Öncelikle Başkan Usta’nın bilmesi gerekir ki kimsenin gözü kimsenin rızkında değildir. Yaptığı açıklama dolmuşçu esnafına yönelik duygusal içerikli bir yaklaşımdır. İnsanların taşıma ücretini verip karşılığında kaliteli hizmet alma hakkı vardır. Trabzon’da en yaygın ulaşım aracını dolmuşlar oluşturuyor diye ne yolcuların kendilerine muhtaç olduğu zannıyla onlara saygı sınırları dışında davranmaya hakları vardır ne de yayalara ve trafikteki diğer sürücülere.

Üniversitede sık sık dışarıdan şehre okumaya gelen öğrencilerle sohbetlerimiz oluyor. Abartıya kaçmadan söylemek isteriz ki öğrencilerin şehre dair şikâyetleri arasında başı dolmuşçular çekiyor. Kendilerinin öğrenci tarifesi dışında bırakılması abesliği bir tarafa dolmuşçuların trafik kurallarına uymamaları özellikle de yayaya yol vermemeleri şikâyetlerinin asıl gerekçesi.

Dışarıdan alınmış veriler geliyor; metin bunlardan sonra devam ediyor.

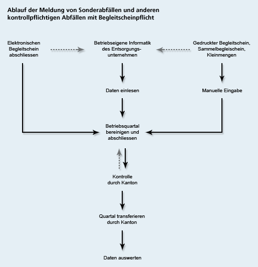 Die Daten über die entgegengenommenen Sonderabfälle und anderen kontrollpflichtigen Abfälle mit Begleitscheinpflicht können entweder manuell erfasst oder über eine Schnittstelle eingelesen werden. Werden elektronische Begleitscheine verwendet, kann die Meldung direkt aus den Angaben im Begleitschein erzeugt werden. Die Daten werden von den zuständigen kantonalen Fachstellen geprüft.

Yalnız onlar değil, bu şehirde yaşayan kim olursa olsun yaya geçidinden geçse dahi, dolmuş tarafından ezilme riskiyle karşı karşıya. Yolun yalnızca kendilerine ait olduğu düşüncesine sahip dolmuş şoförlerinde yayalara yönelik öyle bir algı oluşmuş durumda ki yoldan karşıya geçtiğinizi gören şoför yavaşlamak yerine aksine üstünüze doğru sürüyor ve can güvenliğinizi tehlikeye düşürüyor. Üstelik bu yıl İçişleri Bakanlığı tarafından başlatılan Trafikte Yaya Önceliği Seferberliği kapsamında yapılan uyarılara karşın ne yazık ki dolmuşçuların yaya öncesizliği zihniyeti devam ediyor.

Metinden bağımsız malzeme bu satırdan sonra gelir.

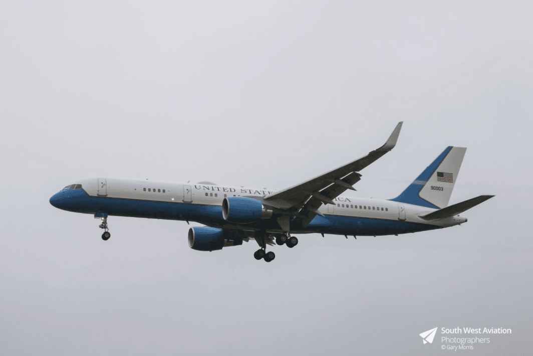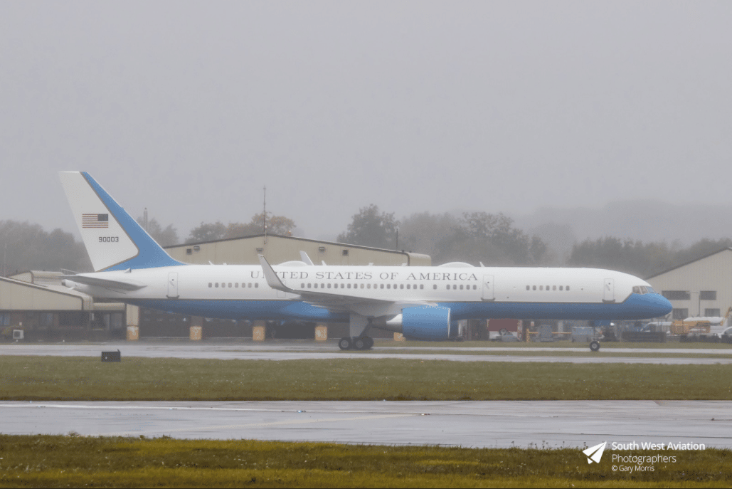 Flying the short hop from Aberdeen Dyce International Airport in Scotland, the C-32A was on the ground for less than three and half hours before departing to London Stansted Airport

Yine trafik içerisinde dolmuşçuların diğer araçların yol hakkını gasp etmeleri ve yolcu kapmak uğruna tehlikeli sollamalar yapmaları bu şehirde her gün karşılaştığımız vakıadır. Bir de dolmuş şoförlerinin sürekli kornaya basmak gibi anlamsız alışkanlığı var ki gürültü kirliliğinin baş nedenidir. Evi yahut çalışma yeri dolmuş güzergâhlarında olanlar bunun sağlık üzerindeki olumsuz etkisini en iyi bilenlerdir. Dolmuşçuların yolculara, yayalara ve diğer sürücülere olumsuz tavırları karşı taraf yanında kendi psikolojilerini de kötü yönde etkilemektedir. Bu da hemen her gün gördüğümüz trafikteki karmaşanın ve kavgaların ayrı bir nedenidir.

Yolculara olması gerektiği gibi nazik davranan, trafik kurallarına riayet eden ve yaya geçidine geldiğinde önceliği yayalara veren dolmuşçular da var elbette. Ama bunların sayısı çok az olduğundan aynı şoföre bir daha rastlamak zor ihtimâl.

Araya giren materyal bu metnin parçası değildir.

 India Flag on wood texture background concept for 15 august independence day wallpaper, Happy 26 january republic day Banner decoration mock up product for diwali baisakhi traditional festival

Kısaca söylemek isteriz ki yalnız dolmuşların yenilenmesi yeterli değil, dolmuş şoförlerinin zihniyetinin de artık değişmesi gerekir. Yolcuya kaliteli hizmet veren, saygılı ve kibar davranan, trafik kurallarına uyan, kornaya olabildiğince az basan ve yayalara öncelik hakkı tanıyan dolmuşçuların sayısının artması hem bizlere ve kendilerine olumlu yansıyacak hem de şehrin yaşanabilirlik derecesini yükseltecektir. Başkan Usta’dan temsil ettiği esnaf odasına dair bu yönde açıklamaların gelmesi beklenilmektedir.